Here’s the Python code that I used to generate the scenes driving the ray-tracer, which – to be more visually interesting – borrows some material definitions from this page.
import urllib
import json
laycols = {0 : "obsidian",
1 : "ruby",
2 : "gold",
3 : "emerald",
4 : "turquoise",
5 : "chrome",
6 : "obsidian",
7 : "jade",
8 : "pearl",
9 : "silver",
10 : "copper"
}
matdefs = {
# name : (ambient,diffuse,specular,shininess)
"emerald" : ((0.0215,0.1745,0.0215),
(0.07568,0.61424,0.07568),
(0.633,0.727811,0.633),
0.6),
"jade" : ((0.135,0.2225,0.1575),
(0.54,0.89,0.63),
(0.316228,0.316228,0.316228),
0.1),
"obsidian" : ((0.05375,0.05,0.06625),
(0.18275,0.17,0.22525),
(0.332741,0.328634,0.346435),
0.3),
"pearl" : ((0.25,0.20725,0.20725),
(1,0.829,0.829),
(0.296648,0.296648,0.296648),
0.088),
"ruby" : ((0.1745,0.01175,0.01175),
(0.61424,0.04136,0.04136),
(0.727811,0.626959,0.626959),
0.6),
"turquoise" : ((0.1,0.18725,0.1745),
(0.396,0.74151,0.69102),
(0.297254,0.30829,0.306678),
0.1),
"brass" : ((0.329412,0.223529,0.027451),
(0.780392,0.568627,0.113725),
(0.992157,0.941176,0.807843),
0.21794872),
"bronze" : ((0.2125,0.1275,0.054),
(0.714,0.4284,0.18144),
(0.393548,0.271906,0.166721),
0.2),
"chrome" : ((0.25,0.25,0.25),
(0.4,0.4,0.4),
(0.774597,0.774597,0.774597),
0.6),
"copper" : ((0.19125,0.0735,0.0225),
(0.7038,0.27048,0.0828),
(0.256777,0.137622,0.086014),
0.1),
"gold" : ((0.24725,0.1995,0.0745),
(0.75164,0.60648,0.22648),
(0.628281,0.555802,0.366065),
0.4),
"silver" : ((0.19225,0.19225,0.19225),
(0.50754,0.50754,0.50754),
(0.508273,0.508273,0.508273),
0.4)
}
recurse = 1 # recursion depth: how many levels to create
print "size 640 480\noutput apollonian%d.png" % recurse
print "camera 0 -3 2.1 0 -1 1 0 1 1 45"
print "point 1 1 3 0.5 0.5 0.5\npoint -1 -1 5 0.5 0.5 0.5"
print "ambient 0 0 0\nshininess 10\nspecular 0 0 0"
print "emission .1 .1 .1"
print "maxverts 8"
print "vertex -1 -1 -1\nvertex +1 -1 -1\nvertex +1 +1 -1"
print "vertex -1 +1 -1\nvertex -1 -1 +1\nvertex +1 -1 +1"
print "vertex +1 +1 +1\nvertex -1 +1 +1"
print "pushTransform\nscale 2 2 .1\ntranslate 0 -0.5 -4.3"
print "diffuse .3 0 0"
print "tri 0 1 5\ntri 0 5 4\ntri 3 7 6\ntri 3 6 2\ntri 1 2 6"
print "tri 1 6 5\ntri 0 7 3\ntri 0 4 7\ntri 0 3 2\ntri 0 2 1"
print "tri 4 5 6\ntri 4 6 7"
print "popTransform\npushTransform"
print "translate -10 10 -10\nscale 30 .1 20\ndiffuse .3 .3 .3"
print "tri 0 1 5\ntri 0 5 4\ntri 3 7 6\ntri 3 6 2\ntri 1 2 6"
print "tri 1 6 5\ntri 0 7 3\ntri 0 4 7\ntri 0 3 2\ntri 0 2 1"
print "tri 4 5 6\ntri 4 6 7"
print "popTransform\npushTransform\ntranslate 0 0 0.6"
url = "http://apollonian.cloudapp.net/api/spheres/1/%d" % recurse
u = urllib.urlopen(url)
jdata = json.loads(u.read())
for jd in jdata:
amb,dif,spec,shin = matdefs[laycols[jd['L']]]
print "ambient %f %f %f" % (amb[0],amb[1],amb[2])
print "diffuse %f %f %f" % (dif[0],dif[1],dif[2])
print "specular %f %f %f" % (spec[0], spec[1], spec[2])
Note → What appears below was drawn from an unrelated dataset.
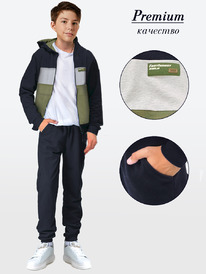 ESENIA Костюм спортивный детский утепленный из футера с начёсом - Оливковый

print "shininess %f" % (shin * 128)
print "sphere %f %f %f %f" % (jd['X'],jd['Y'],jd['Z'],jd['R'])
print "popTransform"
The scene file gets printed to the standard output, so I simply used “python apollonian-scene.py > test.scene” to pipe the results into a file and then ran “raytrace test.scene” to generate the PNG image specified by the output command in the scene file (if I’d implemented the ray-tracer differently I’d have been able to pipe the scene in via the standard input, but hey).
Once this year’s AU is out of the way I’m going to have to find another class to sign up for. I’m definitely turning into a MOOC addict. :-)
Update:
There was a saturation glitch in the first images I generated (the areas with the highest reflections were going being 1.0 in either R, G or B leading to colours being a bit off). I’ve fixed the animation and reposted it.